Network pharmacology and molecular docking analyses have shown that the pathways enriched for YZD in PCOS involve the ferroptosis-related PPAR signaling pathway (Yu et al., 2022). Furthermore, the herbal constituents of YZD have demonstrated ferroptosis-modulating activities. For example, Rehmannioside A from Rehmannia glutinosa (Gaertn.) Libosch. ex DC. alleviates ferroptosis-mediated cognitive impairment in cerebral ischemia by regulating the Solute Carrier Family 7 Member 11 (SLC7A11)/GPX4 axis (Fu et al., 2022).

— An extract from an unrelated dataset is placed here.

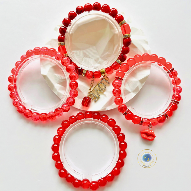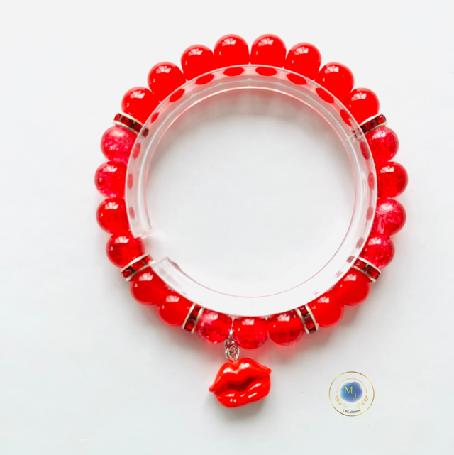 Deze handgemaakte armbanden set van MJ Creations is ontworpen voor wie durft op te vallen. De diepe rode glaskralen geven de set een krachtige en luxe uitstraling. De speelse bedels, waaronder een lips-detail en een statement hanger, zorgen voor een unieke en vrouwelijke finishing touch.

Paeoniflorin from Paeonia lactiflora Pall. enhances GPX4 activity and reduces malondialdehyde (MDA) accumulation, thereby improving neurological outcomes (Zhi et al., 2024). Angelica sinensis polysaccharide from Angelica sinensis (Oliv.) Diels suppresses GPX4 expression and reverses cisplatin resistance in ovarian cancer cells (Guo, W. et al., 2024), while morroniside from Cornus officinalis Siebold & Zucc. reduces iron levels and upregulates GPX4, thus protecting dopaminergic neurons in models of Parkinson's disease (Li et al., 2023). Collectively, these findings suggest that the TCM formula YZD and its component herbs exhibit ferroptosis-modulating properties. Nonetheless, the precise molecular mechanisms through which this regulation ameliorates the pathological features of PCOS require further in-depth investigation. Building upon this foundation, we hypothesized that YZD also ameliorates reproductive and metabolic dysfunction in PCOS by targeting the ferroptosis pathway. This study utilized a dihydrotestosterone (DHT)-induced hyperandrogenism mouse model, which also exhibits insulin resistance, as a classic model to mimic PCOS pathological features and to investigate its underlying mechanisms (Rodriguez Paris et al., 2021). Our study demonstrates that YZD improves PCOS-related metabolic and reproductive dysfunction through tissue-specific bidirectional regulation of ferroptosis markers in hepatic, ovarian, and uterine tissues.